43年以降,鉱工業製品在庫率は増加し,また,43年10~12月期ごろには百貨店の売上げや日銀券の発行が伸び悩み,43年末から44年初にかけて鉱工業生産の増勢が鈍化を示した。こうした現象はいわゆる景気の“かげり”としてひところ問題になつた。まず,鉱工業製品在庫率指数(季節修正値)は,43年5月86.2の水準から急上昇し,12月には95.9と41年4月以来の高い水準となつた。これは,主として,①エアコンディショナー,カラーテレビ,アルミサッシュなど需要が急増している品目で,むしろ将来の需要を見越して積極的に在庫積増しが行なわれたと考えられるもの,②扇風機,ビール,清酒,石油ストーブ,灯油など冷夏や暖冬などの一時的要因が主因となつて在庫率が増加したと思われるもの,③乗用車,トラックなど取得税施行による一時的要因に加え,これまでの急成長が若干純化してきていることが影響したと思われるもの,などによつてもたらされた。しかし,こうした品目のなかで,在庫率の増加がとくに大きかつたエアコンディショナー,石油ストーブ,灯油の3品目を除いて在庫率指数を試算してみると,在庫率水準はかなり大きく低下し,これら一部品目の動きが全体の在庫率の水準を大きく引き上げていたことがわかる。こうした品目の多くは,44年に入つてから,あるいは出荷の好調によつて在庫率の上昇が止まり,あるいは乗用車,灯油などでは生産調整が行なわれ,鉱工業製品在庫率はこのところ横ばいとなつている( 第72図 )いずれにしても,製品在庫率の急上昇は一時的なものによるところが大きかつたといえよう。
また,鉱工業生産は,43年12月から44年3月にかけて年率9.8%の伸びとなり,43年の伸び率17.8%にくらべ大きく鈍化した。これには,上にのべた製品在庫率の上昇から乗用車など一部業種で生産調整が行なわれたこともひびいているが,一般機械,電気機械,食料品・たばこなどの業種(この期間の生産鈍化に対する寄与率約60%)の生産鈍化が大きく影響していた。しかし,これら業種の生産はここ2~3年来,年末,年初に大きく停滞し,その後急増に転ずるという特徴をもつものであつた。現にこれら業種の生産は,4月に入り大幅な増加をみた。結局一部業種に生産調整がみられたが生産全体の実勢としては,43年来の増加基調にそれ程大きな変化は生じていなかつたものと考えられる( 第71図 , 第73表 )。
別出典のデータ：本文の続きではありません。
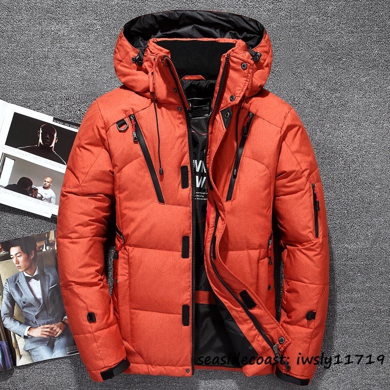 特売■冬新品 大人気 ダウンジャケット メンズ スキーウェア ダウンコート アウトドア ショートコート ジャンパー ブルゾン オレンジ M 收藏
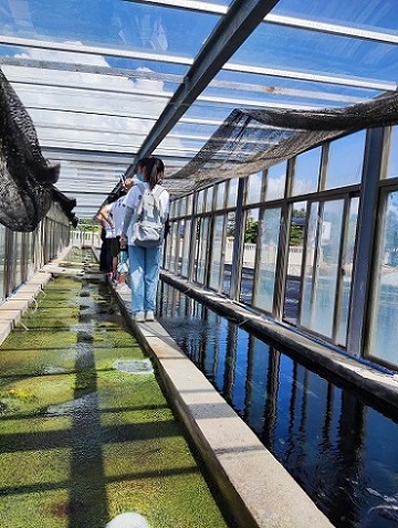 隨后,隊(duì)員們又參觀了海洋牧場(chǎng)的水處理系統(tǒng)。牧場(chǎng)內(nèi)水處理系統(tǒng)設(shè)施完善,設(shè)計(jì)也別出心裁。大功率水泵將廢水抽取到一片長(zhǎng)有大量海藻的水池,經(jīng)由海藻吸收凈化水中的污染物,接著這些廢水將會(huì)進(jìn)入富含大量分解者(微生物)的水池內(nèi),以最原生態(tài)的方式將水處理干凈,減少了化學(xué)藥物的使用,最大程度地防止了水污染。生態(tài)效益與經(jīng)濟(jì)效益同時(shí)得到保障,使得牧場(chǎng)內(nèi)呈現(xiàn)一派綠色和諧的氛圍。

さらに,百貨店売上高は43年10月から3月まで増勢に鈍化の傾向がみられたが,その原因は,百貨店販売額の中心を占める衣料品や,暖房器具などの売上げが暖冬などの影響から伸び悩んだことにあると思われる。日銀券の発行高も,前年の水準が高いこともあつて,10月,11月と増勢がいくぶん鈍化気味となつたが,12月以降再び強い増勢をとり戻した。このように景気の“かげり”といわれた現象は,後にのべるような銀行貸出の増加,財政支出の対民間払超など金融面の動きもあつて,一時的,局部的なものにとどまり,経済全体の拡大基調をかえるものではなかつたといえよう。